● GIVEN MATERIAL
━━━━
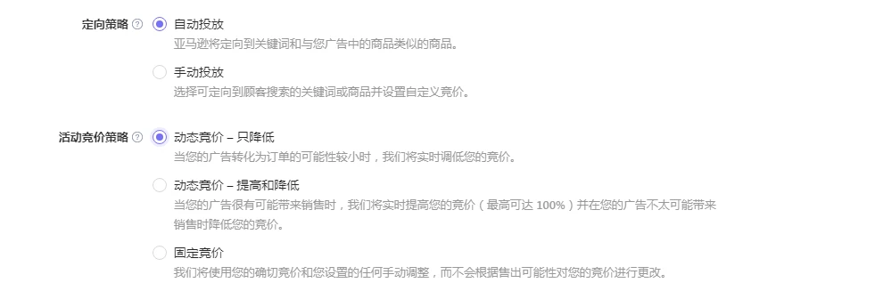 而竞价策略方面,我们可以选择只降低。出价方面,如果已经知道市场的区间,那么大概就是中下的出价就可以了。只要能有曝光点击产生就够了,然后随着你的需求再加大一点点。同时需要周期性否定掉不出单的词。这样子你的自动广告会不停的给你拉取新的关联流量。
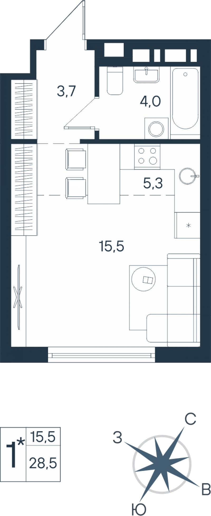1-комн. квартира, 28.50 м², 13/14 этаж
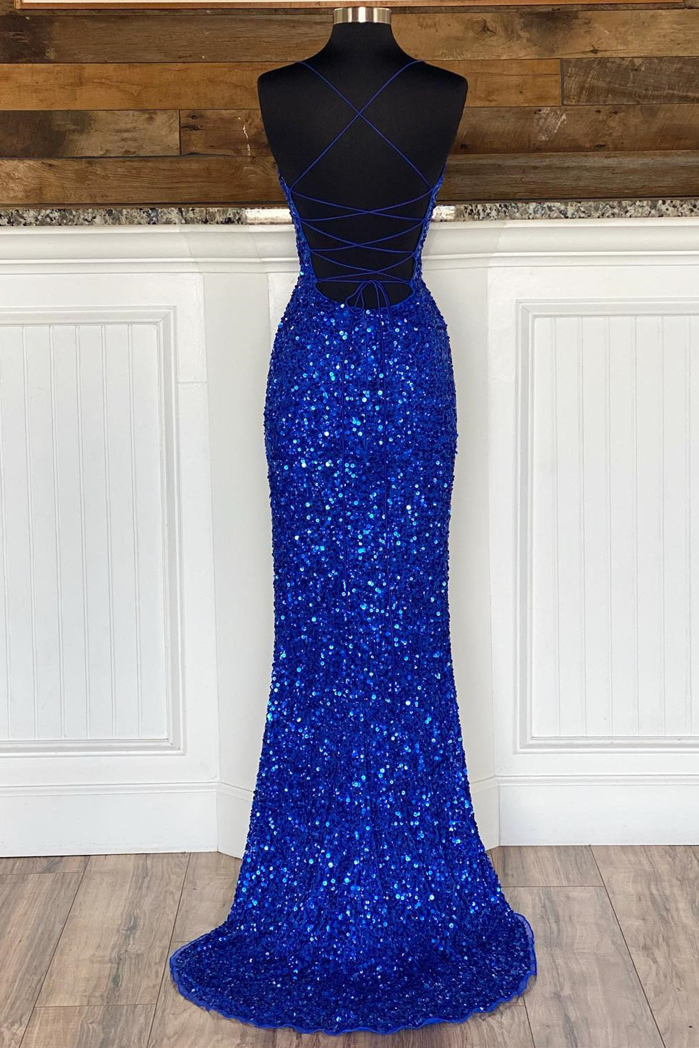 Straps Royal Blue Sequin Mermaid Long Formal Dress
━━━━
● WORK INSTRUCTION
Restate the material above exactly. Exclude all pictures.

● OUTPUT
 而竞价策略方面,我们可以选择只降低。出价方面,如果已经知道市场的区间,那么大概就是中下的出价就可以了。只要能有曝光点击产生就够了,然后随着你的需求再加大一点点。同时需要周期性否定掉不出单的词。这样子你的自动广告会不停的给你拉取新的关联流量。
1-комн. квартира, 28.50 м², 13/14 этаж
 Straps Royal Blue Sequin Mermaid Long Formal Dress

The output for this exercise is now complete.